(Items from a dataset)
+-------+
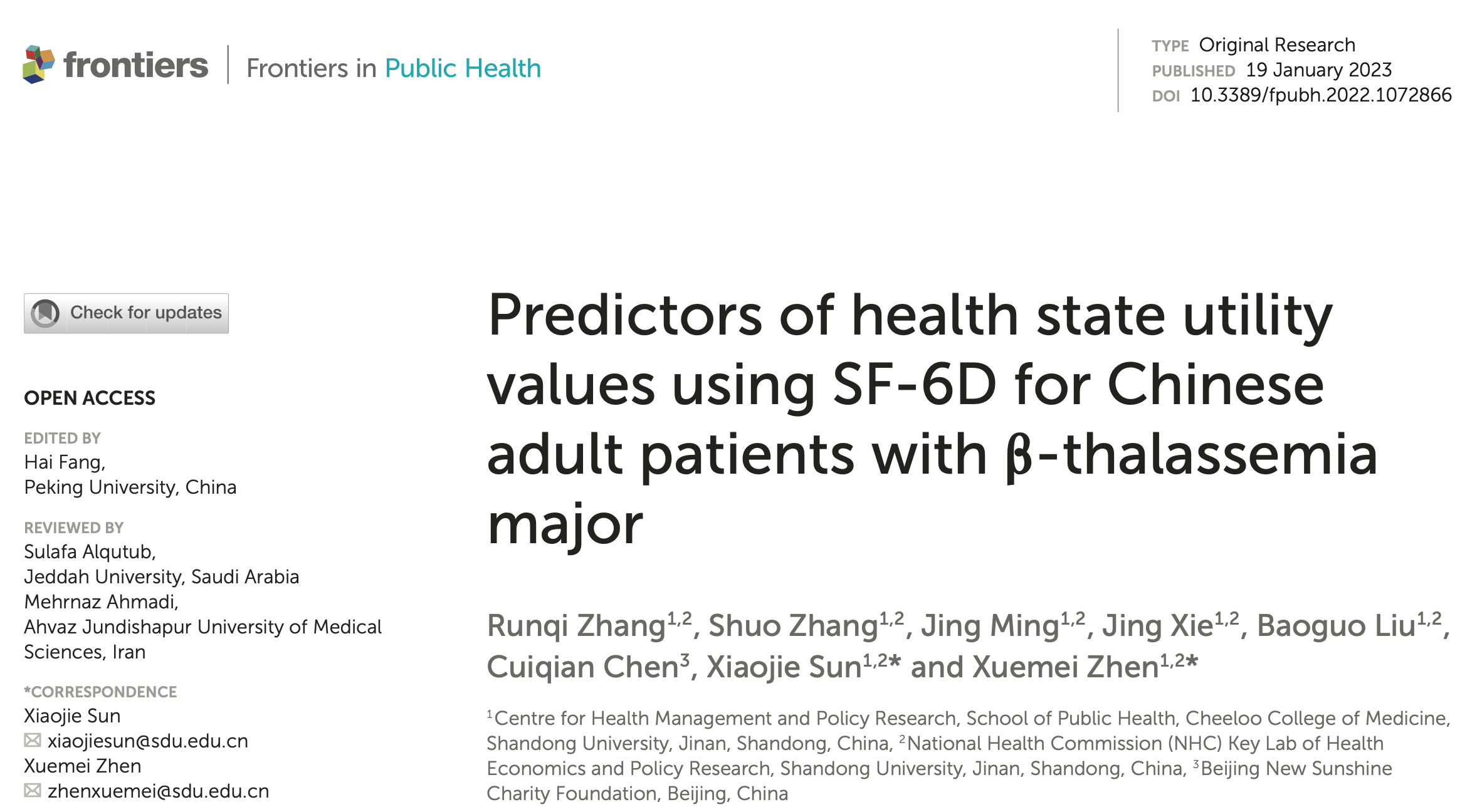 上述研究成果以“Predictors of health state utility values using SF-6D for Chinese adult patients with β-thalassemia major”为题,发表于公共卫生领域著名期刊Frontiers in Public Health(SSCI 1区)。必威登录入口平台官网为第一作者单位和通讯作者单位,必威官方首页官网betway卫生管理与政策研究中心硕士研究生张润琪第一作者,甄雪梅副教授与孙晓杰教授为共同通讯作者。点击可获取电子版论文。
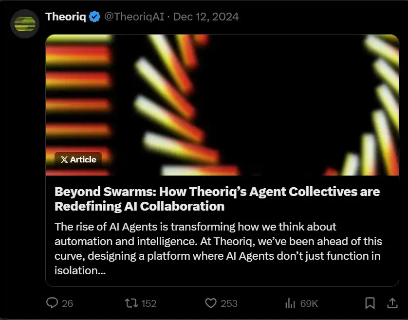 ·Coordination Layers:这些层,如 TheoriqAI,将协调一群代理,结合它们的优势,为用户提供无缝且强大的结果。试想一下,将 aixbt、gekko 和 CPA 等代理整合在一起,提供 alpha 来源、执行交易和处理税务——所有这一切都在一个连贯的工作流中完成。Theoriq 的基于任务的发现框架是解锁集体智能的一步。
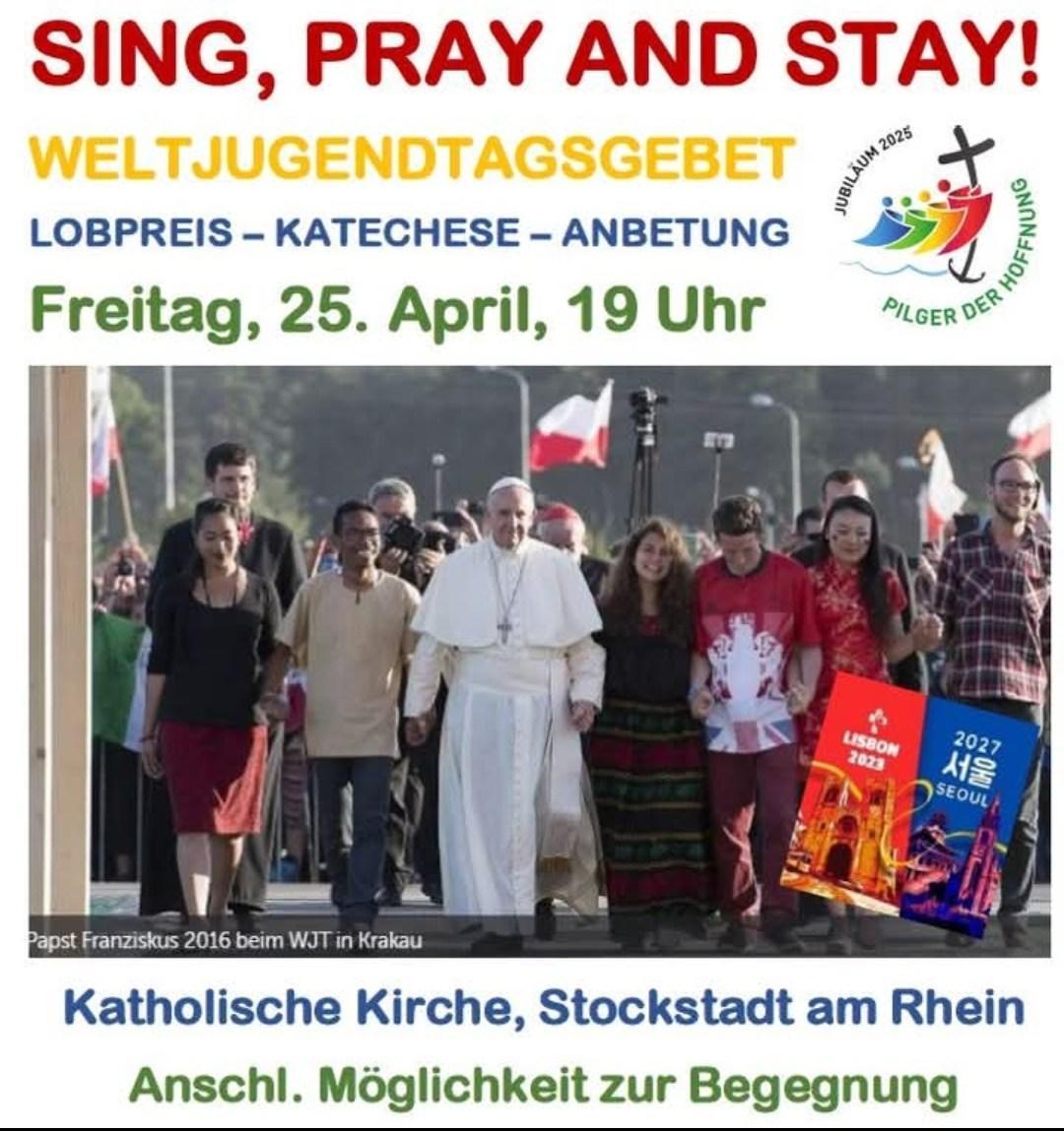Am Freitag, 23.05.2025, findet um 19:00 Uhr in Stockstadt das nächste WJT-Gebet "Sing, Pray and Stay" unter dem Motto "Pilger der Hoffnung" statt.
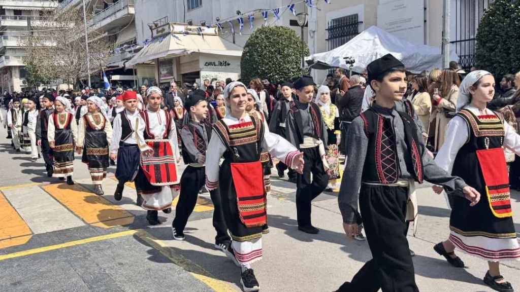 Παρουσία πλήθους κόσμου που καταχειροκροτεί τους συμμετέχοντες διεξάγεται η μαθητική παρέλαση για την 25η Μαρτίου, μια ημέρα αφιερωμένη στη μνήμη της Επανάστασης του 1821 και στην ελευθερία της Ελλάδας.
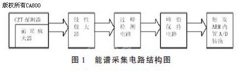 | 摘要:介绍了能谱型核测井仪的设计方案,其目标是研制适用于铀矿勘查的便携式测井仪,满足测井生产的需要。该仪器采用碲锌镉CdZnTe 半导体核辐射探测器,高端的32 位嵌入式ARM 处理器S3C2410A 为仪器系统控制核心,并在此硬件平台上移植了嵌入式Linux 操作系统,编写了基于MiniGUI 的测井仪监控终端软件。仪器具有实时性、体积小、功耗低、灵敏度高、成本低、便于携带等特点。 关键词:嵌入式系统; Linux; MiniGUI; 核测井仪; 碲锌镉半导体探测器 Energy Spectrum Nuclear logging Instrument based on Embedded System SHEN Hong-zhong, TANG Bin (School of Information Engineering, East China Institute of Technology, Fuzhou 344000, China) Abstract: This paper introduces a design project of energy spectrum nuclear logging instrument,the purpose of such instrument was to provide a portable device suitable to the prospecting and exploration of uranium deposit. This instrument uses CdZnTe detector as nuclear radiation detector and S3C2410A, a 32-bit high performance embedded ARM processor, as micro processor unit. Based on this hardware platform, embedded Linux system is ported. The monitoring system of nuclear logging instrument is developed by using MiniGUI. The instruments carry the characteristic of small size, low power, high sensitivity, low cost, and outstanding portability. Key Words: embedded system; Linux; MiniGUI; nuclear logging instrument; CdZnTe detector 1 引言 民用非动力核技术是国家鼓励发展的高新技术,其中核测井技术是随着当代科技的发展以及它在石油、煤炭、铀矿等地质矿产勘探领域的应用而迅速发展起来的尖端测井技术之一。目前, 适用于铀矿核测井的国产仪器较少, 主要有成都理工大学研制的HFC-1 型γ 能谱测井仪器、核工业北京地质研究院研制的HD-4002 型综合测井仪等。这些仪器多数采用笔记本电脑为测井仪器系统的控制核心,为了能够更好适应野外测量工作的复杂环境,便于野外携带使用,本文将采用基于32 位处理器ARM 的嵌入式系统为测井仪系统的控制核心,并在此基础上开发相应的软硬件。 2 能谱型核测井仪的理论基础 众所周知,地壳的岩石和土壤中都有一定数量的放射性元素存在着,他们能够自发地放出放射性射线。在自然界中,这些放射性射线主要来自铀-238 系列、钍-232 系列和钾-40 系列等天然放射性元素。这些放射性元素有着各不相同的γ 射线特征谱峰,如铀、钍、钾的特征谱峰分别为1.76 MeV、2.62 MeV、1.47 MeV,因此可以根据测量所得的能谱数据,判定测量点位置的放射性元素成分,即进行放射性元素的定性分析。同时,放射性元素的含量与它的γ 射线强度成正比,因此只要计算出放射性元素的γ 射线强度,就可以得出相应的放射性元素含量,放射性元素定量解释方法主要有平均含量法、传统剥谱法与逐点剥谱反褶积解释法等。 能谱型核测井方法是通过研究天然产生或人工激发的放射性射线谱沿井轴的分布特点而确定该地层中的某些元素成分和含量的一种无损检测方法。能谱型核测井仪就是使用能谱型核测井方法在野外现场测量伽玛射线能量谱,分析铀、钍、钾等放射性元素的性质和含量的一种仪器。 3 核测井仪的总体方案设计 能谱型核测井仪必须满足体积小、性能稳定、功能强、灵敏度高、便于野外携带使用等需求。针对这些需求,对能谱型核测井仪提出以下的设计方案: 3.1 数据采集硬件系统设计方案 数据采集硬件系统主要由井下探管、自动绞车、能谱采集电路组成。 井下探管主要包括核辐射探测器、前置放大器、探管外壳、电源等。目前国内外的核辐射探测器主要有闪烁体探测器(如NaI(T1)无机晶体闪烁器)、半导体探测器(如高纯锗HPGe 半导体探测器、碲锌镉CdZnTe 半导体探测器)等。室温碲锌镉(CZT)半导体核辐射探测器是继闪烁体探测器之后发展起来的一类新型先进的探测器,室温半导体核辐射探测器被认为是一种理想的探测器,它既具有低温半导体探测器的能量分辨率好,又具有闪烁晶体探测器的探测效率高,同时还具有体积小、重量轻、携带方便等优点,因此选择碲锌镉(CZT)半导体核辐射探测器为能谱型核测井仪的探测器。探管外壳用不锈钢材料制作,同时做好防水密封性能,能满足在测井的高温高压条件下正常工作。 自动绞车负责控制井下探管的运动,实现探管在测井中进行逐点测量方式或连续测量方式的移动功能,并向嵌入式系统控制核心传送井下探管的深度值。 能谱采集电路实现对碲锌镉(CZT)探测器输出的电脉冲信号线性放大、调整与去除信号噪声,并将测量脉冲信号的范围平均分成多个脉冲幅度间隔,然后统计处理后的脉冲信号在各个脉冲幅度间隔的个数,以便形成各个脉冲幅度的计数分布曲线。能谱采集电路主要由线性放大器、过峰检测电路、峰值保持电路、触发ARM920T处理器S3C2410A内置A/D模数转换等组成。其电路结构如图1 所示。 ![]() 3.2 嵌入式系统在能谱型核测井仪中的应用 3.2.1 嵌入式硬件系统 能谱型核测井仪系统的控制核心ARM920T处理器S3C2410A是一款高端的32 位低功耗RISC微处理器,具有最高工作频率203MHZ、独立的16KB 指令Cache与16KB数据Cache。存储系统采用2MB的NOR Flash、128MB 的NAND FLASH 与64MB 的SDRAM 相结合,作为程序运行和数据存储空间。并设计了各种相应的外围接口,主要包括LCD接口、SPI键盘接口、USB 接口、以太网接口、RS232 接口与多道分析器MCA 接口等。采用5.4 英寸的LCD 真彩显示屏,因S3C2410
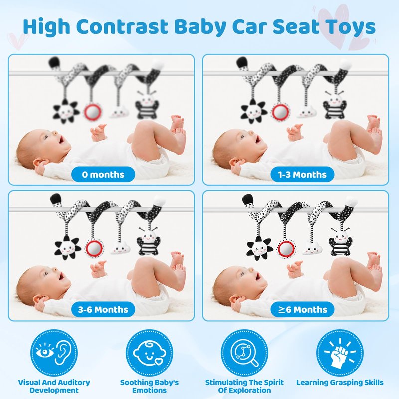 - 【Attractive High Contrast Baby Toys】Our black and white baby car seat toy is specially designed for newborns.It is the great toy for newborn toys 0 3 months brain development.Newborns are born with very blurred vision and can only be sensitive to light. around 0-6 months, they can distinguish high contrast black and white. If you use our black and white baby stroller toy will help to stimulate the development of retina and optic nerve, gradually train and activate your baby's brain development.
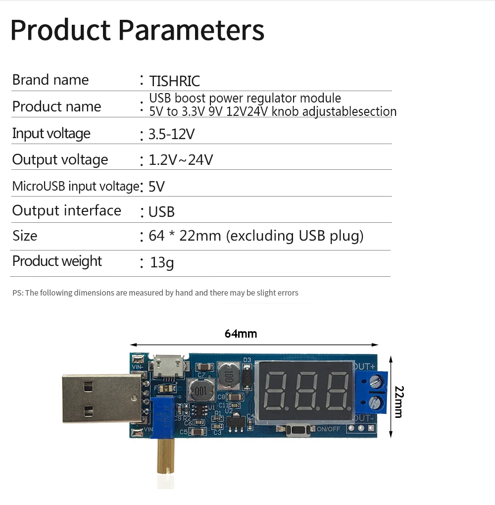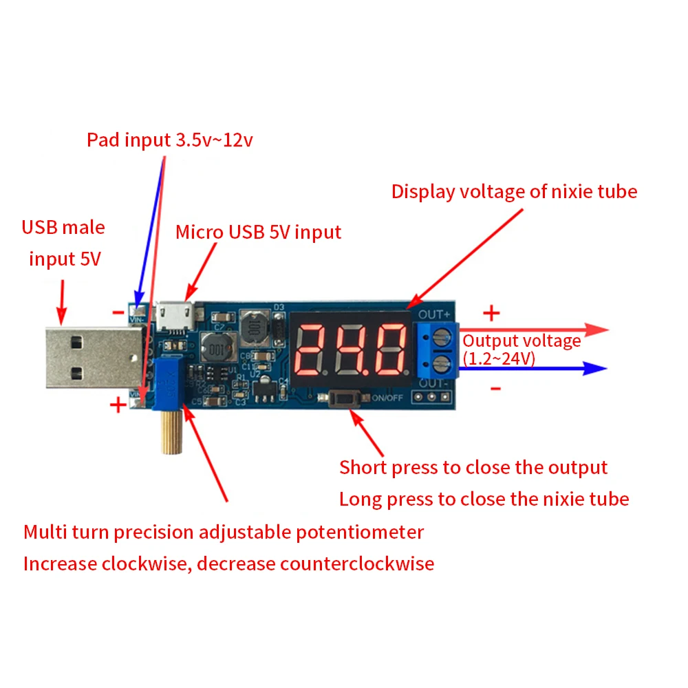Comprar TISHRIC-convertidor USB Boost Buck, módulo de fuente de alimentación Boost, 3,3 V-24V DC salida ajustable, 5V a 1,2 V/12V
+-------+
* About this task *
Find the line with "Am Freitag, 23.05.2025, findet" in the data above, and from there retype each line exactly through the line with "Παρουσία πλήθους κόσμου", skipping the pictures along the way.

* Exercise output *
Am Freitag, 23.05.2025, findet um 19:00 Uhr in Stockstadt das nächste WJT-Gebet "Sing, Pray and Stay" unter dem Motto "Pilger der Hoffnung" statt.
 Παρουσία πλήθους κόσμου που καταχειροκροτεί τους συμμετέχοντες διεξάγεται η μαθητική παρέλαση για την 25η Μαρτίου, μια ημέρα αφιερωμένη στη μνήμη της Επανάστασης του 1821 και στην ελευθερία της Ελλάδας.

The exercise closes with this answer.